These past few weeks have definately been some of the most difficult I've ever experienced as far as mania is concerned. My energy, paranoia, and stress levels have been through the roof. On top of the regular symptoms of mania I have had quite a bit of bad luck for the past few weeks. Besides losing my credit card, my car dying, car tire falling off, crashing my bike, power going out in my bedroom, fans breaking, and school starting, I also just had a huge dissapointment with an audtion for a dream role. Bad things happen, I get it. The thing that has made these past few weeks so difficult is trying to keep myself pulled together around people who don't understand how I'm feeling, and have no idea how hard I work to hide my pain. Keeping my mania under control has been a challenge all summer, and now that things aren't going my way its becoming nearly impossible.
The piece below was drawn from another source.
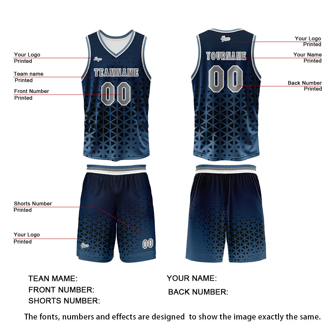 Benutzerdefinierter Blau Grau Basketball Jersey Uniform Anzug gedruckt Ihr Logo Name Nummer

In acting class the other day we were asked to write down what our worst theatrical experience was. I wrote about an experience I had in Jr. High School when I played Romeo in Romeo and Juliet. We performed the infamous BALCONY SCENE in an assembly for the 8th and 9th graders, and their reaction was... well exactly how you would expect Jr. High kids to act (lots of cheering/cat calling blah blah blah). But AFTER the balcony scene was over I had a monologue to finish the scene. The kids were so bored that the kissing was over that they started yelling things out at me, and eventually boo-ing so loudly that I walked off stage and shut the curtins myself. It still remains one of the most humiliating experiences of my life.
After we wrote down that experience we were asked to write down why that experience is actually the BEST theatrical experiene of our lives. I wrote that I learned humility from that experience. I learned that I perform not to please other people, but because I love it more than anything. I started from a humble place and that keeps me grounded as a performer.
Now i'm doing my best to apply that acting exercise to my personal life. I was cast in the ensemble of HAIR at the University of Utah which is WONDERFUL, but hard because i worked so hard in the hopes of getting one of my dream roles, and failed. But I learned from my audition experience that I put too much pressure on my professional life. My self worth is defined by how successful I am in my career. When I wasn't cast I was afraid people wouldn't like me anymore, that my friends wouldn't respect me, that I was UGLY, that my life was essentially over. In an attempt to make me feel better my friends said I probably just didn't fit what the director had in mind. I just wasn't right. But that made me feel even worse. The idea that someone doesn't like me, or doesn't think I'm right freaks me out so bad. THATS CRAZY! As a Bipolar person I am very inconsistant emotionally... but my career path is EVEN MORE inconsistant. I have to learn to not let my happiness depend on my success as a performer. This experience hurt me a lot, but it was a huge wakeup call for me and I think it will help me so much in the future. If i can learn to NOT base my happiness off being a perfect performer..... well then I won't have to change my major to pre-med.